PROBLEM TO SOLVE - Exactly the lines from the beginning of the listing below through the line that contains "Sinoáé orgulhosamente profissional" should be transcribed, and pictures must stay out.

INPUT FOR THIS TASK -

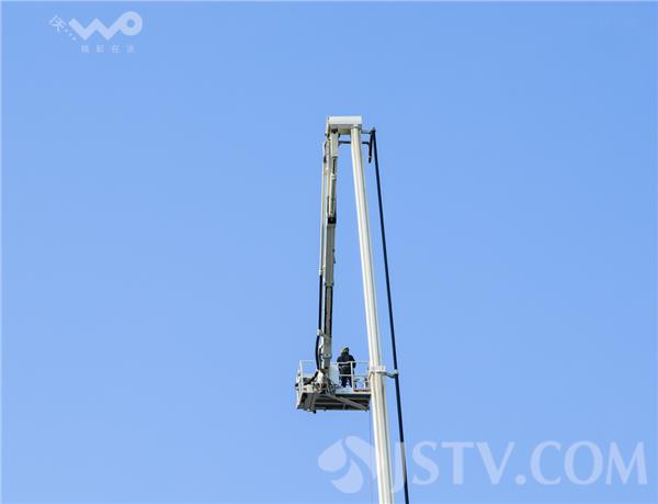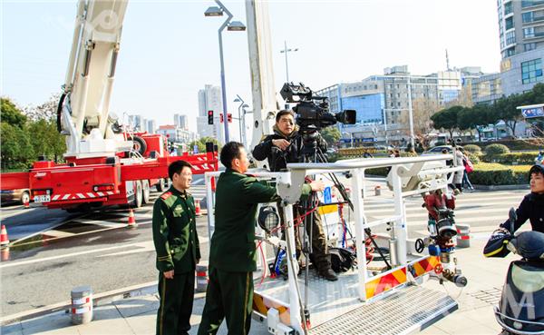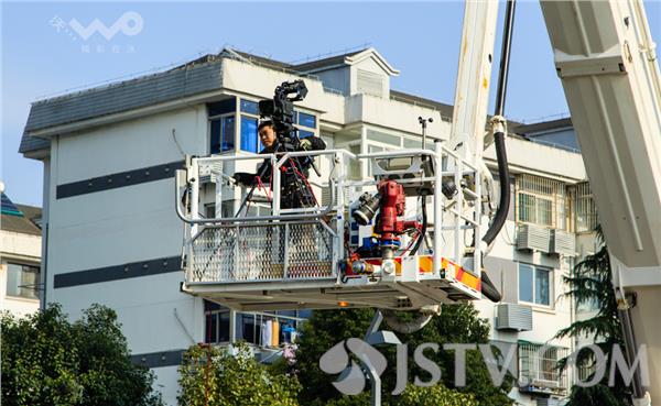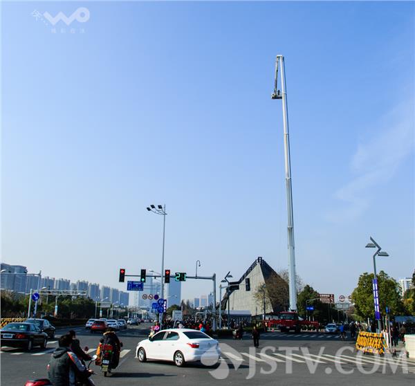 今天上午,荔枝新闻通讯员在江东门纪念馆现场看到,大批记者携带摄影设备在现场试拍,其中最引人注意的是一台68米的消防云梯,摄影师站在68米高操作台,对着仪式现场俯拍,场面震憾。试拍完后摄影师说,68米高空晃动的很,好在今天风不大。笔者看到云梯车四轮腾空,由四个铁柱子固定,底座看起来很稳,但上部还是晃,摄影师和摄像机都用安全绳系在工作台上,保证人和设备的安全。
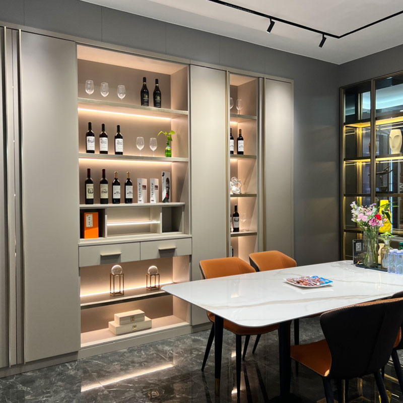 Sinoáé orgulhosamente profissional no fornecimento de armários laterais de sala de jantar personalizados para construtor, empreiteiro, desenvolvedor e proprietários.Sinoá produz estilo conciso de armários de sala de jantar com diferentes materiais como malemine, pvc, pet, laca e vidro etc. de acordo com a exigência e orçamento dos clientes. Selecionamos as matérias-primas qualificadas para finalizar os requintados armários.
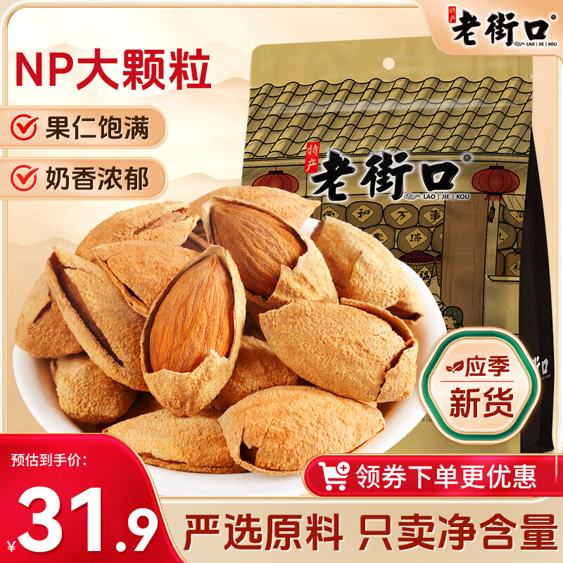 包邮 老街口巴旦木500g/袋 薄壳奶油味扁桃仁炒货干果每日坚果杏仁零食年货
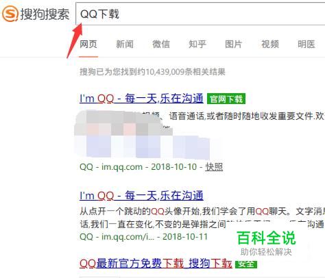 接着在输入栏中输入QQ下载,这样就能出现很多下载网站,然后选择一个官方网站进行下载。
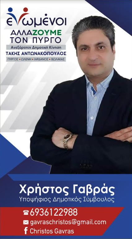 Με τον Τάκη Αντωνακόπουλο και την παράταξη “Ενωμένοι αλλάζουμε τον Πύργο”, διεκδικεί την ψήφο των πολιτών του δήμου Πύργου και ο πρώην Πρόεδρος της ΔΕΕΠ Ηλείας Χρήστος Γαβράς, η υποψηφιότητα του οποίου σηματοδοτεί την ανεξάρτητη δημοτική κίνηση του Δημάρχου Πύργου.
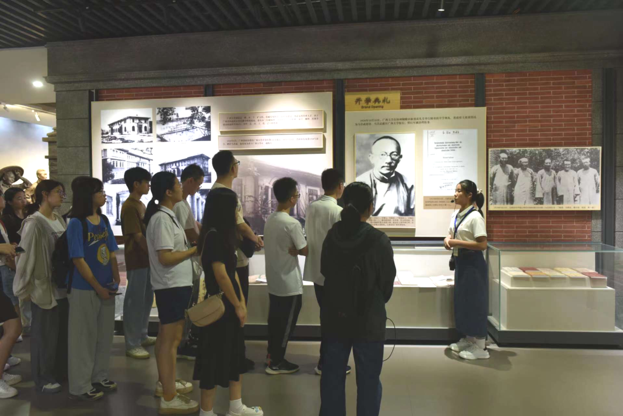 在讲解员的带领下,新生们有序地进入校史馆。讲解员带领同学们回顾了beet365自梧州立校、桂林兴校、西迁榕江、南宁复校九十余年以来的风雨历程和辉煌成就,并着重介绍了办学之初马君武董事长提出的“锄头主义”和“三拼精神”。满载历史回忆的老照片和老物件呈现在同学们眼前,使同学们切实感受到学校厚重的历史沉淀和丰硕的办学成果,同时也深刻体会到不同时期西大人投身教育事业的奉献精神。
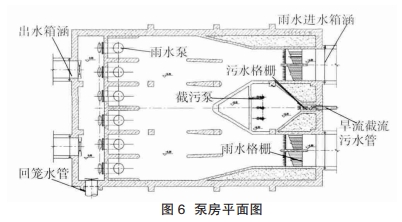 污水截流泵房設置在雨水泵房中間,在雨水格柵井、污水截流設施格柵井處設置封閉式臭氣收集罩。格柵間散發的臭氣收集后,經處理達標后排放。泵房平面圖見圖6
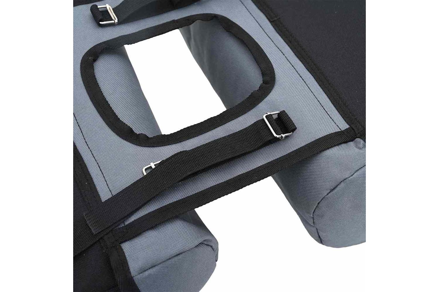 The Contemporary Double Bicycle Bag offers a sleek and modern solution for cyclists seeking both functionality and style. Crafted primarily from polyester, this rectangular accessory is perfect for urban adventures or scenic countryside rides, complementing any bicycle with its elegant grey and black color scheme. Its practical design ensures that cyclists can carry all necessary items conveniently while maintaining a stylish appearance. The water-resistant quality further adds to its durability, ensuring that all contents remain safe and dry during unpredictable weather conditions.
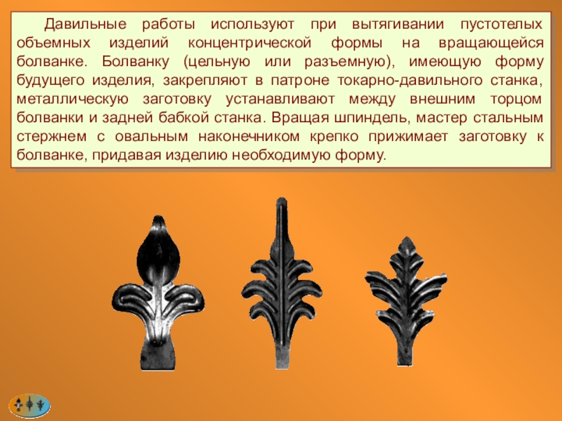 Слайд 98 Давильные работы используют при вытягивании пустотелых объемных изделий концентрической формы на
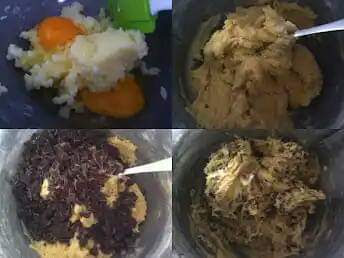 نخلط الزبدة مع السكر جيدا حتى الحصول على خليط كريمي نضيف البيض و الفانيلا و نخلط جيدا ثم نضيف الدقيق و الخميرة شيئا فشيئا و في الاخير نضيف حبيبات الشكلاط
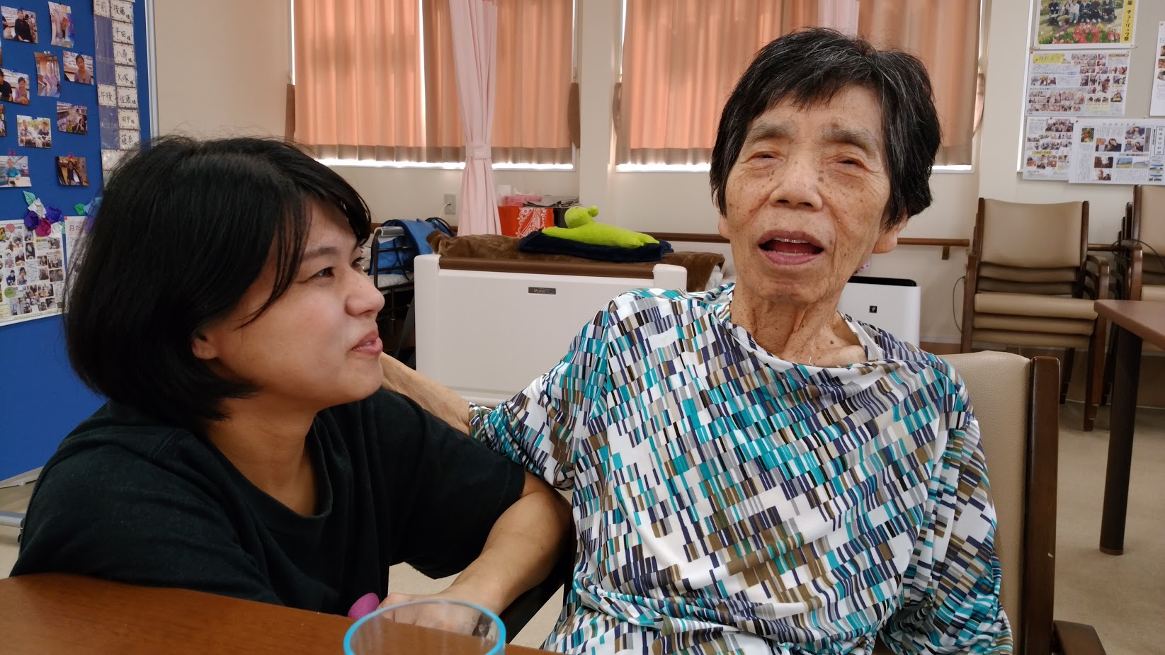 朝の、ちょっとした時間に、職員と小ネタでいじりあい。傍目には漫才にしか見えない…。ギャラリーは大笑いです♡ でも、こういう時間が大切なんだと思います。 「笑う」って、生きるうえですごく大切なことですからね😊 ・・・ととと。次の送迎便が到着しました! ご婦人ふたりの到着です✨
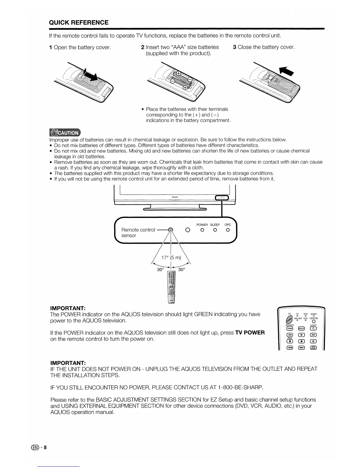 The POWER indicator on the AQUOS television should light GREEN indicating you have
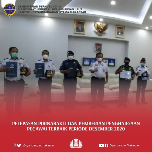 Pelepasan purnabakti dan pemberian penghargaan pegawai terbaik periode Desember 2020. Bertempat di ruang Kepala Kantor Kesyahbandaran Utama Makassar.
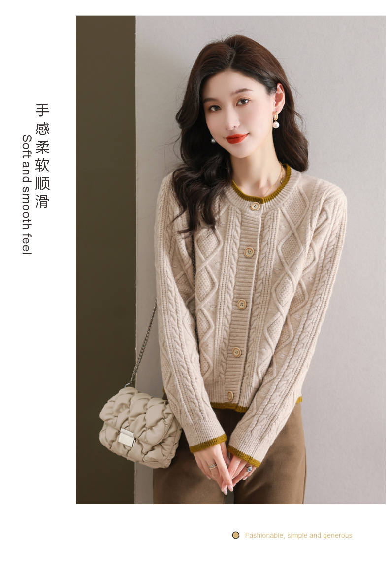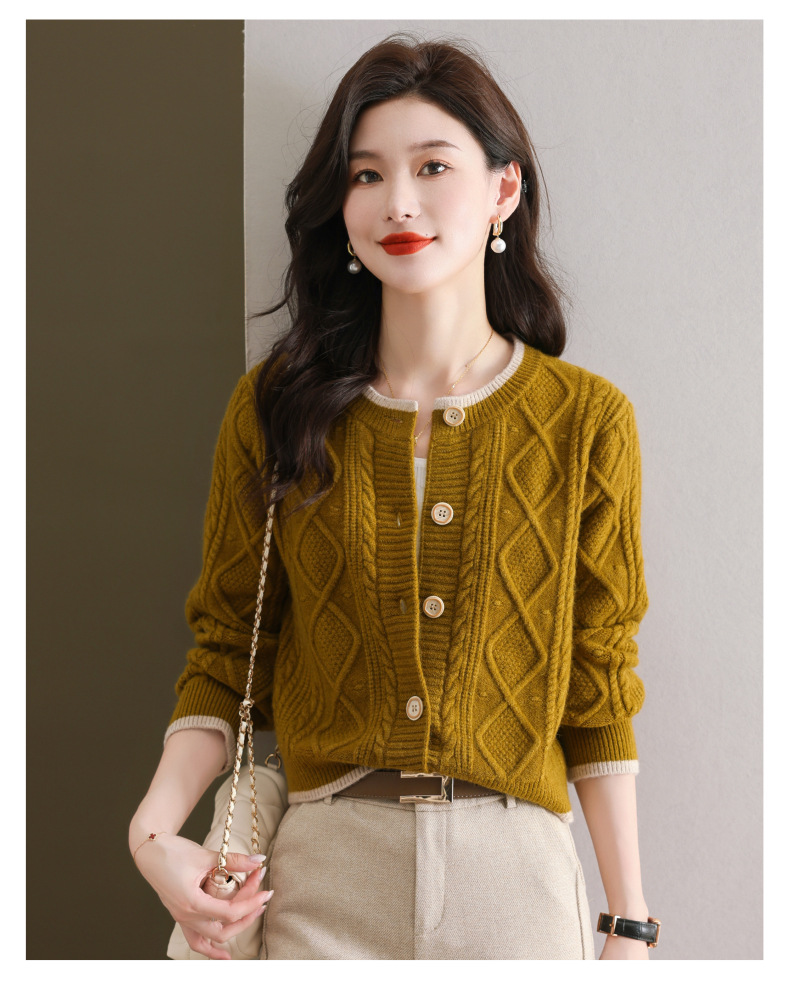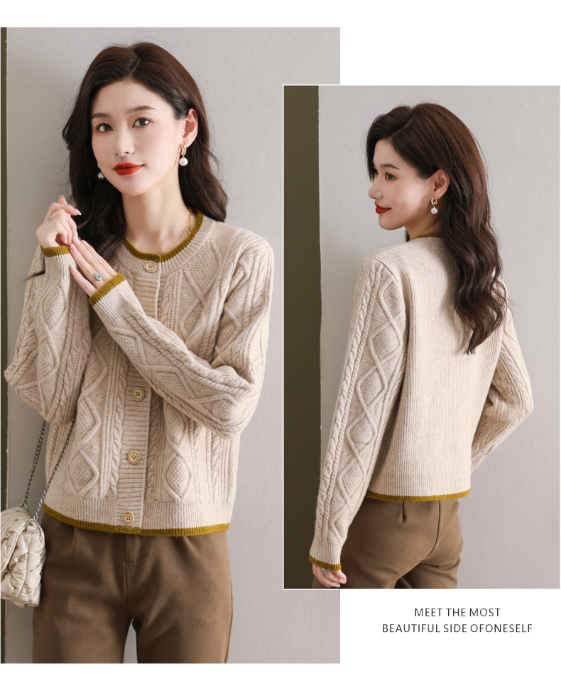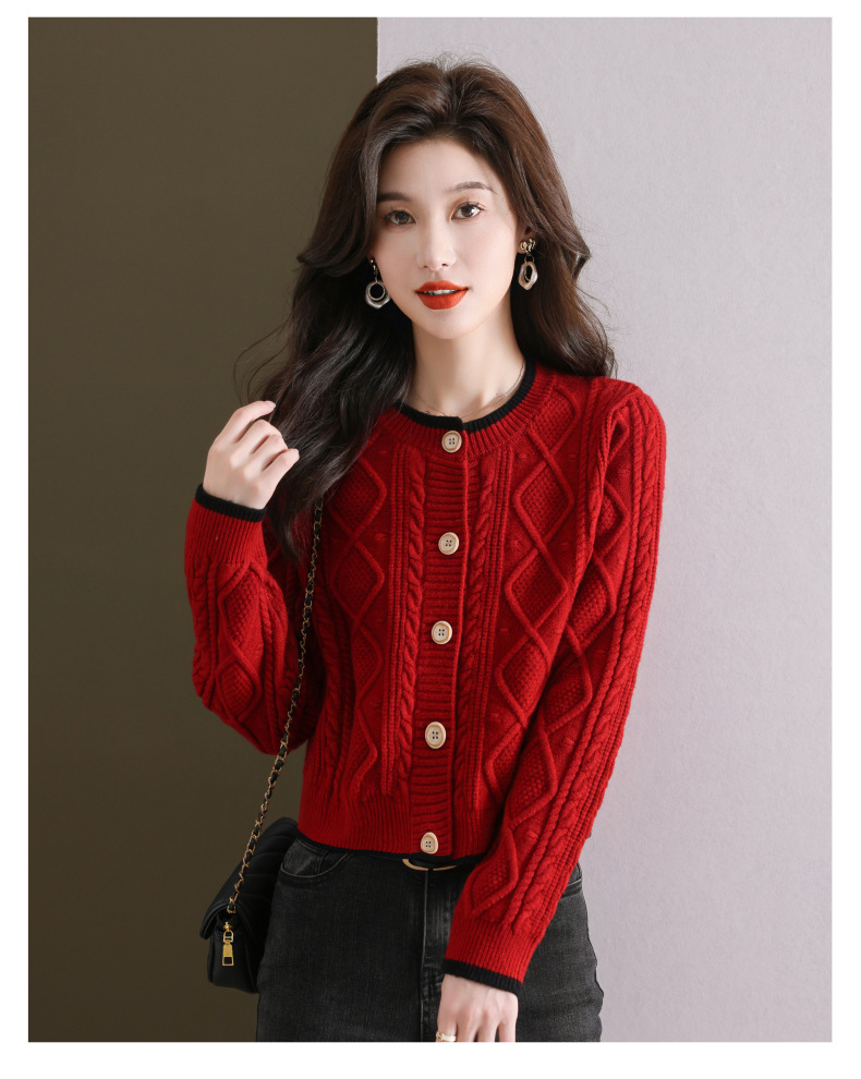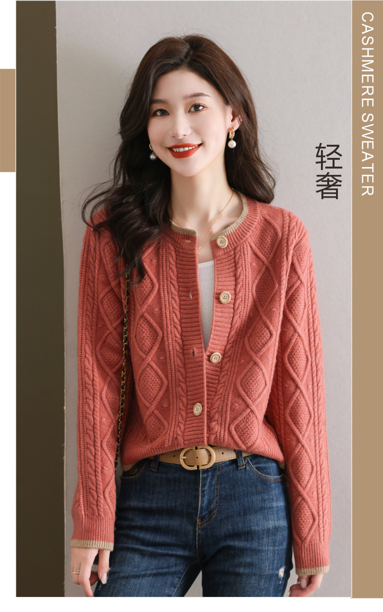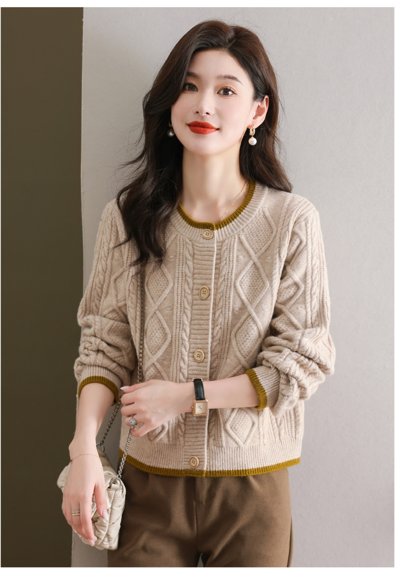 纯色百搭,休闲外搭圆领毛衣开衫女短款高腰春秋针织衫外套女小披肩CC-9-5132

OUTPUT BELOW -
 今天上午,荔枝新闻通讯员在江东门纪念馆现场看到,大批记者携带摄影设备在现场试拍,其中最引人注意的是一台68米的消防云梯,摄影师站在68米高操作台,对着仪式现场俯拍,场面震憾。试拍完后摄影师说,68米高空晃动的很,好在今天风不大。笔者看到云梯车四轮腾空,由四个铁柱子固定,底座看起来很稳,但上部还是晃,摄影师和摄像机都用安全绳系在工作台上,保证人和设备的安全。
 Sinoáé orgulhosamente profissional no fornecimento de armários laterais de sala de jantar personalizados para construtor, empreiteiro, desenvolvedor e proprietários.Sinoá produz estilo conciso de armários de sala de jantar com diferentes materiais como malemine, pvc, pet, laca e vidro etc. de acordo com a exigência e orçamento dos clientes. Selecionamos as matérias-primas qualificadas para finalizar os requintados armários.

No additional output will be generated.